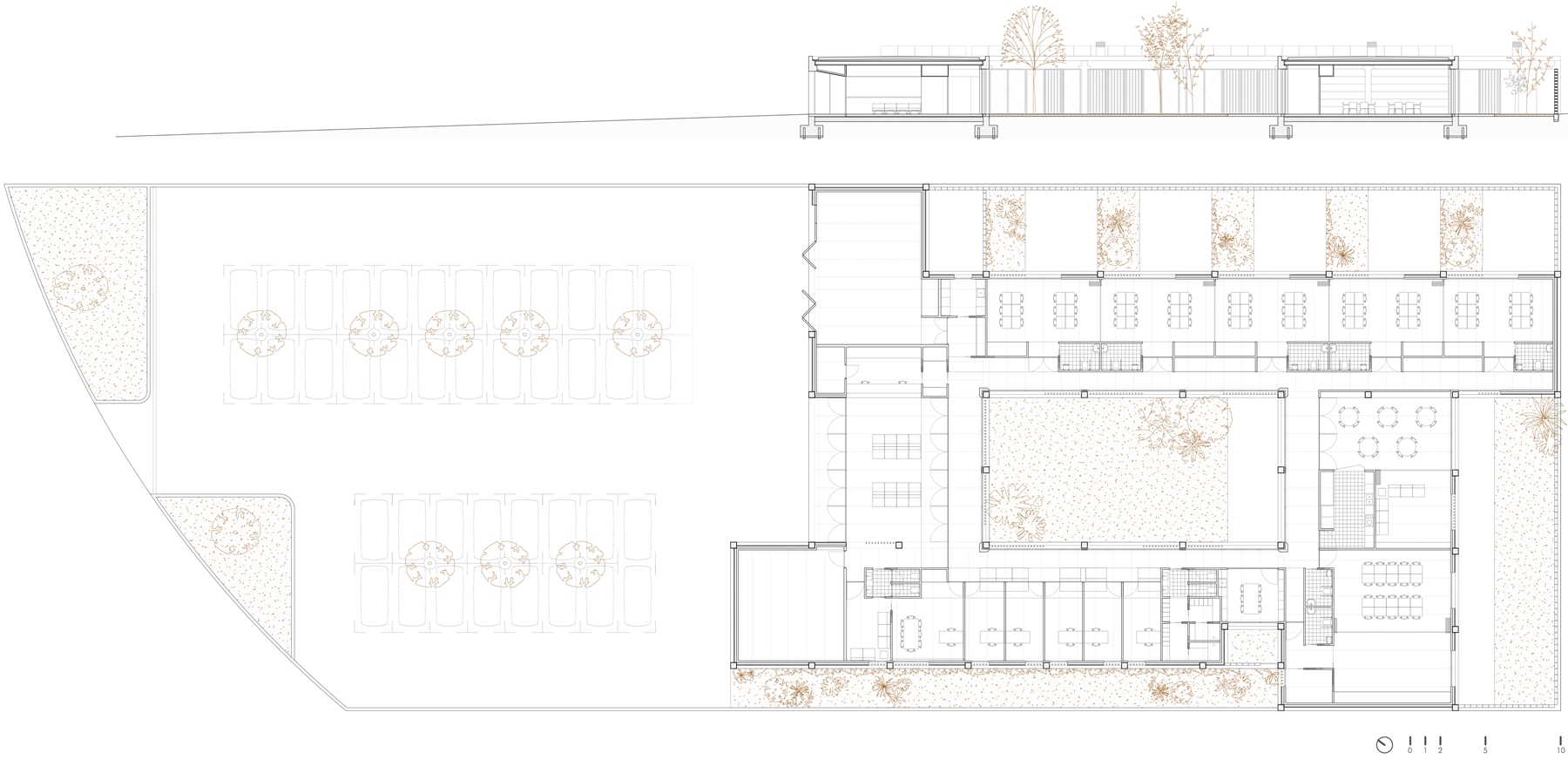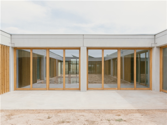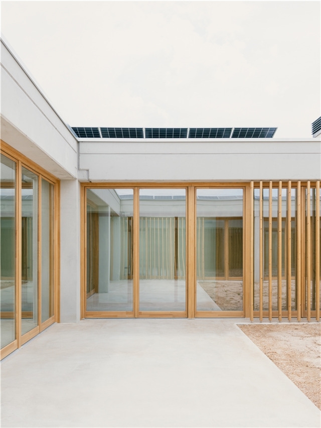 La organización del edificio se articula a partir de una geometría clara y reconocible, una cruz de cuatro brazos en torno a un patio central, que facilita la orientación espacial de los usuarios, reduce recorridos y evita situaciones de desorientación, habituales en personas con deterioro cognitivo. Cada ala acoge un ámbito funcional diferenciado —administración, atención personalizada, talleres y espacios comunes— y todos ellos se relacionan visual y físicamente con patios y jardines protegidos, favoreciendo la continuidad entre interior y exterior, la entrada de luz natural, la ventilación cruzada y el contacto con la naturaleza como parte del proceso terapéutico.
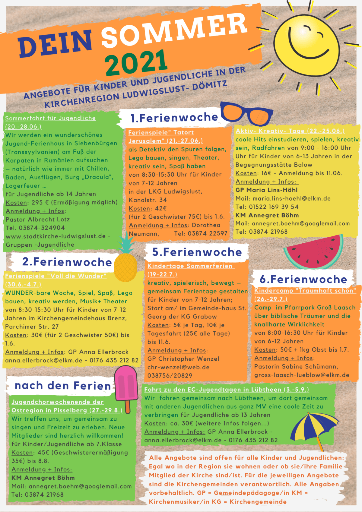 Angebote in den Sommerferien in der Kirchengemeinde Grabow und in der Kirchenregion Ludwigslust-Dömitz
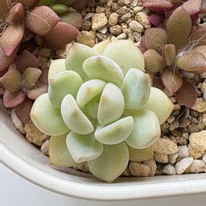 こんばんは😊 朝晩、涼しくなり気分良く過ごしてる姉さんです…❤️ そして、姉さん宅の多肉さん達も、ご機嫌良く過ごしてたり、療養中だったり… 様々な思いで楽しく過ごしてます🪴 そして 新入りも多数、大・多数💦 姉さん、迎えすぎのようで、ぼちぼち投稿致します😆 グラプトベリア属 グリムワン🐶 色白で、ぷくぷくと可愛いです。 これから、よろしくね🥰
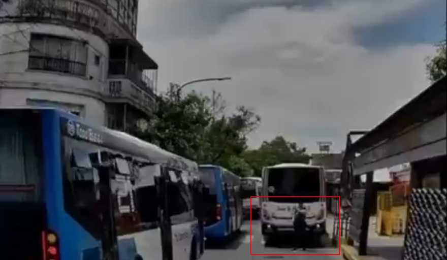 Inmediatamente el hombre se da vuelta y comienza a golpear el paragolpe del bus con vehemencia para que el mismo frenara y no siguiera avanzando pudiendo generarle lesiones de gravedad. Para su suerte y la tranquilidad de todos, el inspector no sufrió ninguna herida, más allá del golpe y el susto.
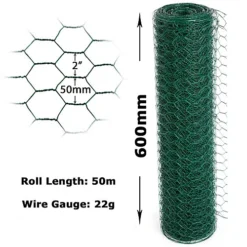Easipet PVC Coated Green Chicken Rabbit Wire/Mesh For Aviary Fencing Garden 50mm X 60cm X 50m
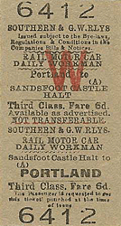 Notes: Sandsfoot Castle Halt was opened in 1932 in an attempt to attract more tourists to the line which was already suffering badly from competition from buses. Sandsfoot Castle is one of Henry VIII's Device Forts, also known as Henrician Castles, built around 1541 to the south of Weymouth, opposite its contemporary Portland Castle. Together these two forts put the whole of Portland harbour and the roads within range of their artillery, thus protecting shipping from foreign raiders and preventing an invading landing force from forming up offshore, although the castle was always vulnerable to attack from a landward direction. Most of the castle has fallen into the sea, but some ruins remain and are one of the region’s tourist attractions.
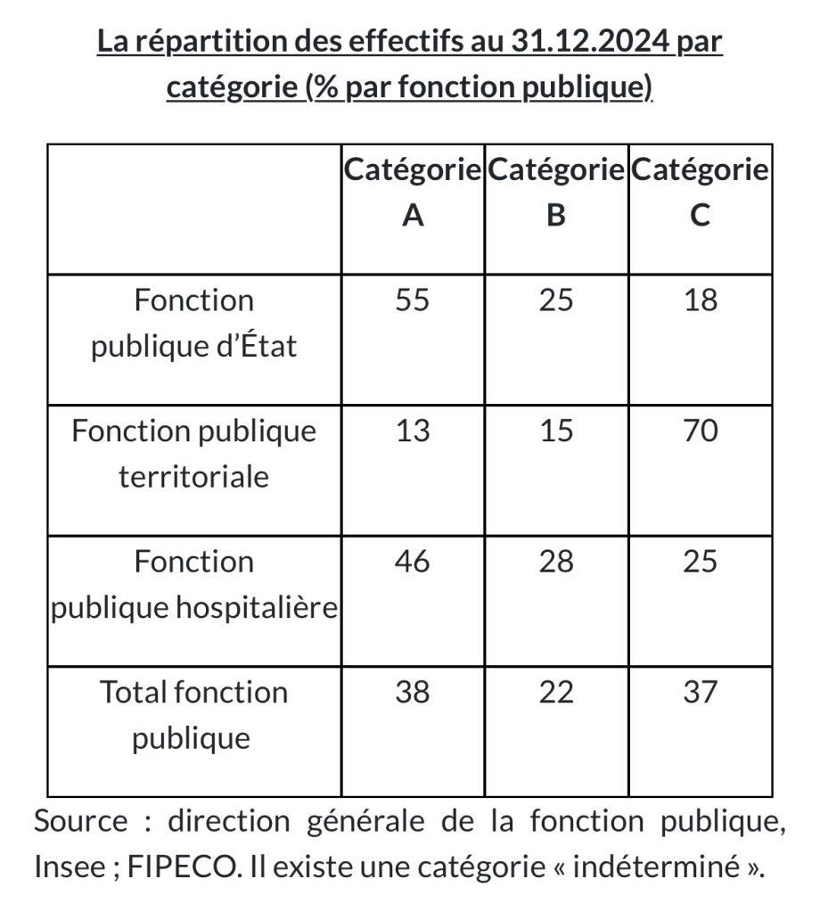 Les agents de catégorie A sont majoritaires dans la fonction publique d’État, surtout en raison du poids des enseignants. En revanche, les agents de catégorie C représentent 70 % de la fonction publique territoriale.
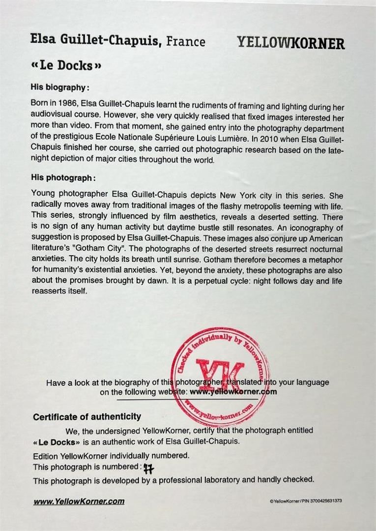NYC Docks Hoffa Truck Elsa Guillet-Chapuis Le Docks YellowKorner Certified Photograph. Certificate of Authenticity from YellowKorner affixed to the back. Matted Dimensions 16"x20". Protected with Clear Mylar Sleeve.
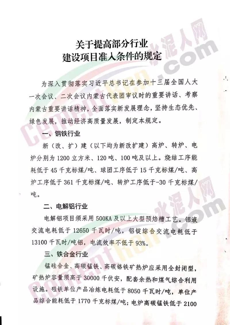 日前,水泥人網(wǎng)自內(nèi)蒙古自治區(qū)工信及獲悉,本月初自治工信廳聯(lián)合發(fā)改委聯(lián)合下發(fā)《關于提高部分行業(yè)建設項目準入條件規(guī)定的通知》。
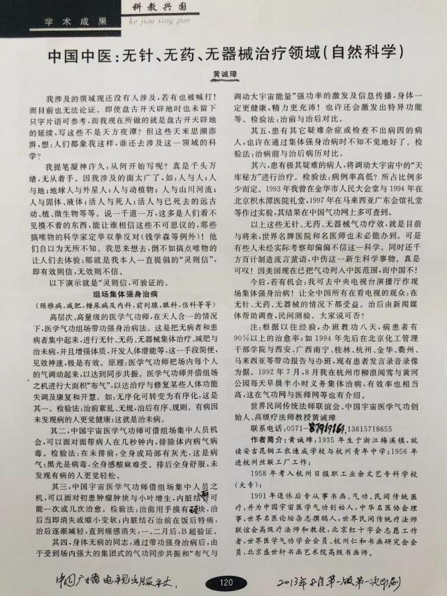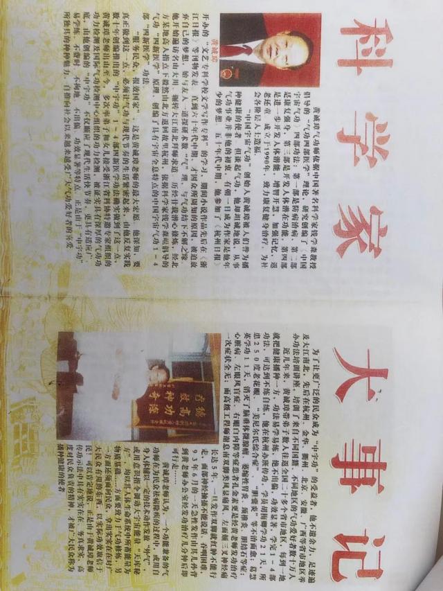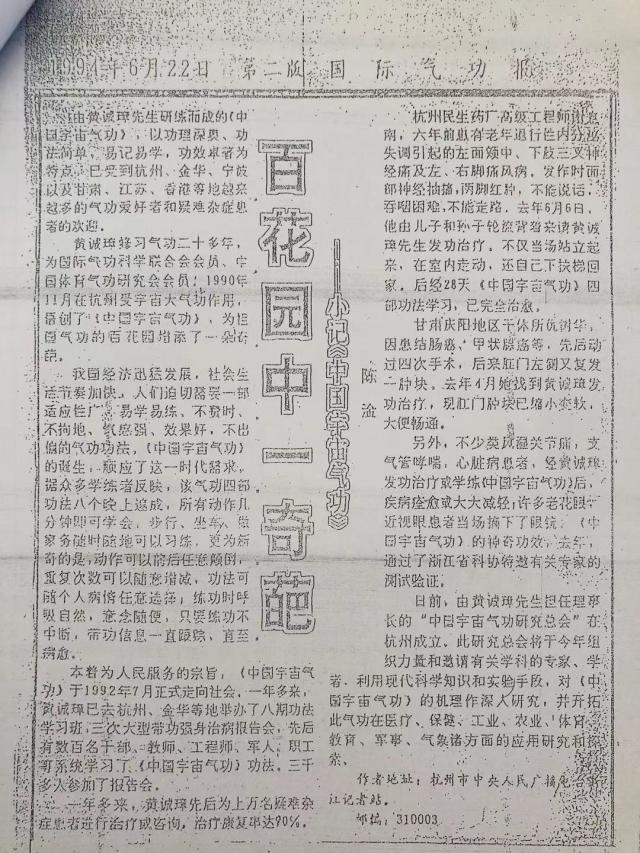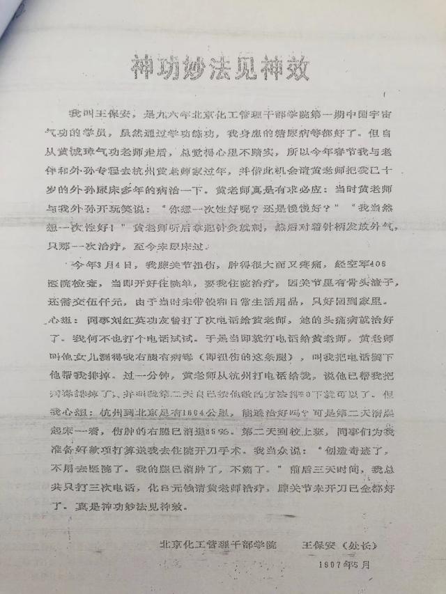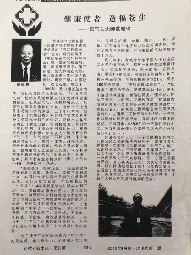20. 南尚武:男,76 岁,患颈椎病(海军转业工程师)经黄诚章无针无药几次治疗,就此自然好了。患有前列腺,小便也有困难,黄本人给他治了几次就教南工自己治疗方法,后来也就好了。南工前些时走路二腿发飘,走不准直线,这是两腿无力之故。于是贡信汇教南工学气功,首先帮他打通小周天与大周天,然后给他治疗了几次后就教他自己治疗,现在南工已康复如初,他全家人都高兴!他澳洲的女儿也赶来杭州学气功。
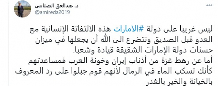 وأضاف: "أما عن ... غزة من أذناب إيران وخونة العرب فمساعدتهم كأنك تسكب الماء في الرمال لأنهم قوم جبلوا على رد المعروف بالخيانة والخير بالغدر".
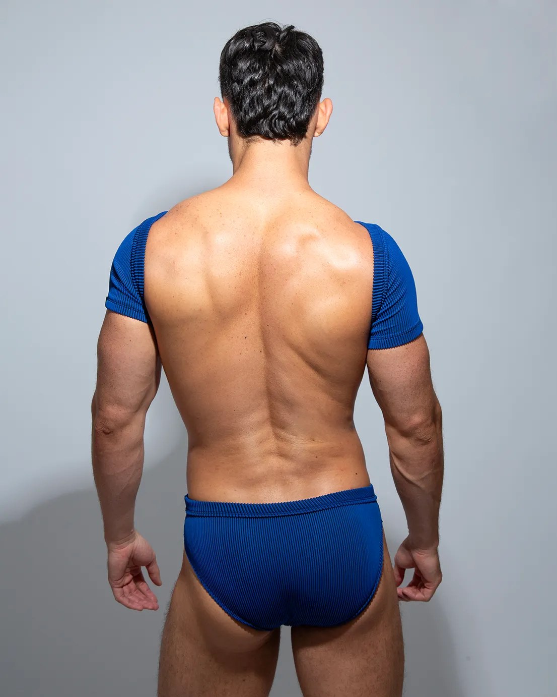 Kali Blue bodysuit made with ribbed fabric with armholes.

→ THE TASK
Every entry above is to be transcribed exactly, with all pictures left out.

→ YOUR SOLUTION
 La organización del edificio se articula a partir de una geometría clara y reconocible, una cruz de cuatro brazos en torno a un patio central, que facilita la orientación espacial de los usuarios, reduce recorridos y evita situaciones de desorientación, habituales en personas con deterioro cognitivo. Cada ala acoge un ámbito funcional diferenciado —administración, atención personalizada, talleres y espacios comunes— y todos ellos se relacionan visual y físicamente con patios y jardines protegidos, favoreciendo la continuidad entre interior y exterior, la entrada de luz natural, la ventilación cruzada y el contacto con la naturaleza como parte del proceso terapéutico.
 Angebote in den Sommerferien in der Kirchengemeinde Grabow und in der Kirchenregion Ludwigslust-Dömitz
 こんばんは😊 朝晩、涼しくなり気分良く過ごしてる姉さんです…❤️ そして、姉さん宅の多肉さん達も、ご機嫌良く過ごしてたり、療養中だったり… 様々な思いで楽しく過ごしてます🪴 そして 新入りも多数、大・多数💦 姉さん、迎えすぎのようで、ぼちぼち投稿致します😆 グラプトベリア属 グリムワン🐶 色白で、ぷくぷくと可愛いです。 これから、よろしくね🥰
 Inmediatamente el hombre se da vuelta y comienza a golpear el paragolpe del bus con vehemencia para que el mismo frenara y no siguiera avanzando pudiendo generarle lesiones de gravedad. Para su suerte y la tranquilidad de todos, el inspector no sufrió ninguna herida, más allá del golpe y el susto.
Easipet PVC Coated Green Chicken Rabbit Wire/Mesh For Aviary Fencing Garden 50mm X 60cm X 50m
 Notes: Sandsfoot Castle Halt was opened in 1932 in an attempt to attract more tourists to the line which was already suffering badly from competition from buses. Sandsfoot Castle is one of Henry VIII's Device Forts, also known as Henrician Castles, built around 1541 to the south of Weymouth, opposite its contemporary Portland Castle. Together these two forts put the whole of Portland harbour and the roads within range of their artillery, thus protecting shipping from foreign raiders and preventing an invading landing force from forming up offshore, although the castle was always vulnerable to attack from a landward direction. Most of the castle has fallen into the sea, but some ruins remain and are one of the region’s tourist attractions.
 Les agents de catégorie A sont majoritaires dans la fonction publique d’État, surtout en raison du poids des enseignants. En revanche, les agents de catégorie C représentent 70 % de la fonction publique territoriale.
NYC Docks Hoffa Truck Elsa Guillet-Chapuis Le Docks YellowKorner Certified Photograph. Certificate of Authenticity from YellowKorner affixed to the back. Matted Dimensions 16"x20". Protected with Clear Mylar Sleeve.
 日前,水泥人網(wǎng)自內(nèi)蒙古自治區(qū)工信及獲悉,本月初自治工信廳聯(lián)合發(fā)改委聯(lián)合下發(fā)《關于提高部分行業(yè)建設項目準入條件規(guī)定的通知》。
20. 南尚武:男,76 岁,患颈椎病(海军转业工程师)经黄诚章无针无药几次治疗,就此自然好了。患有前列腺,小便也有困难,黄本人给他治了几次就教南工自己治疗方法,后来也就好了。南工前些时走路二腿发飘,走不准直线,这是两腿无力之故。于是贡信汇教南工学气功,首先帮他打通小周天与大周天,然后给他治疗了几次后就教他自己治疗,现在南工已康复如初,他全家人都高兴!他澳洲的女儿也赶来杭州学气功。
 وأضاف: "أما عن ... غزة من أذناب إيران وخونة العرب فمساعدتهم كأنك تسكب الماء في الرمال لأنهم قوم جبلوا على رد المعروف بالخيانة والخير بالغدر".
 Kali Blue bodysuit made with ribbed fabric with armholes.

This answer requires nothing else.